RAW DATA -
- - -
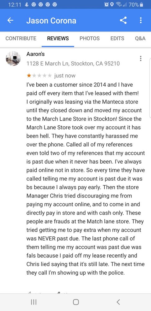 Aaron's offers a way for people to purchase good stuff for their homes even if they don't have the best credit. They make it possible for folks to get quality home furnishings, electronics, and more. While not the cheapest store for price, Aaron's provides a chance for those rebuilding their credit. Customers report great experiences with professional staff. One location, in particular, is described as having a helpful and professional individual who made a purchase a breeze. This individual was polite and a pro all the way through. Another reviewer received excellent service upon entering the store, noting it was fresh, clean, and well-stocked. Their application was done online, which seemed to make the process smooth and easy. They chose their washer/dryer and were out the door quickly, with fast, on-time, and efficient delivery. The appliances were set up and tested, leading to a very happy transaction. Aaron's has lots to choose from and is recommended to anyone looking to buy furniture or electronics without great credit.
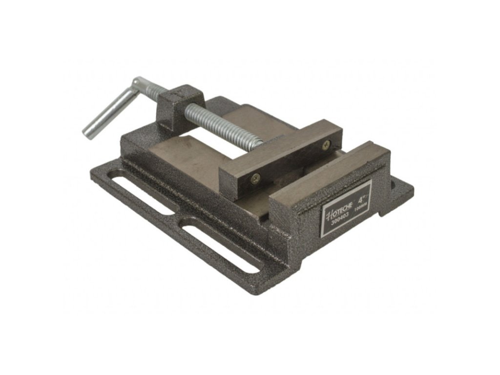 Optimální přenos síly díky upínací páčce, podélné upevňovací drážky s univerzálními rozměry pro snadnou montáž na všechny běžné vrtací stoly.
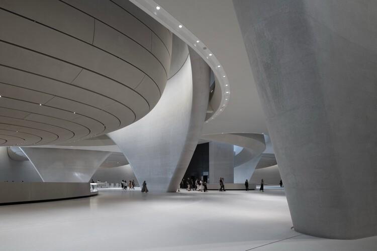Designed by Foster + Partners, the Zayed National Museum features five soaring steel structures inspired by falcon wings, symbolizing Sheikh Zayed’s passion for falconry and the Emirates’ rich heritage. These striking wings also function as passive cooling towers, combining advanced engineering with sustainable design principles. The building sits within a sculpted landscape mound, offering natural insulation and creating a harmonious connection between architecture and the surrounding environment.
- - -
WHAT THE EXERCISE ASKS -
Please take the lines from the beginning of the data above through the line holding "Optimální přenos síly" and transcribe them exactly, without any pictures.

WRITTEN RESPONSE -
 Aaron's offers a way for people to purchase good stuff for their homes even if they don't have the best credit. They make it possible for folks to get quality home furnishings, electronics, and more. While not the cheapest store for price, Aaron's provides a chance for those rebuilding their credit. Customers report great experiences with professional staff. One location, in particular, is described as having a helpful and professional individual who made a purchase a breeze. This individual was polite and a pro all the way through. Another reviewer received excellent service upon entering the store, noting it was fresh, clean, and well-stocked. Their application was done online, which seemed to make the process smooth and easy. They chose their washer/dryer and were out the door quickly, with fast, on-time, and efficient delivery. The appliances were set up and tested, leading to a very happy transaction. Aaron's has lots to choose from and is recommended to anyone looking to buy furniture or electronics without great credit.
 Optimální přenos síly díky upínací páčce, podélné upevňovací drážky s univerzálními rozměry pro snadnou montáž na všechny běžné vrtací stoly.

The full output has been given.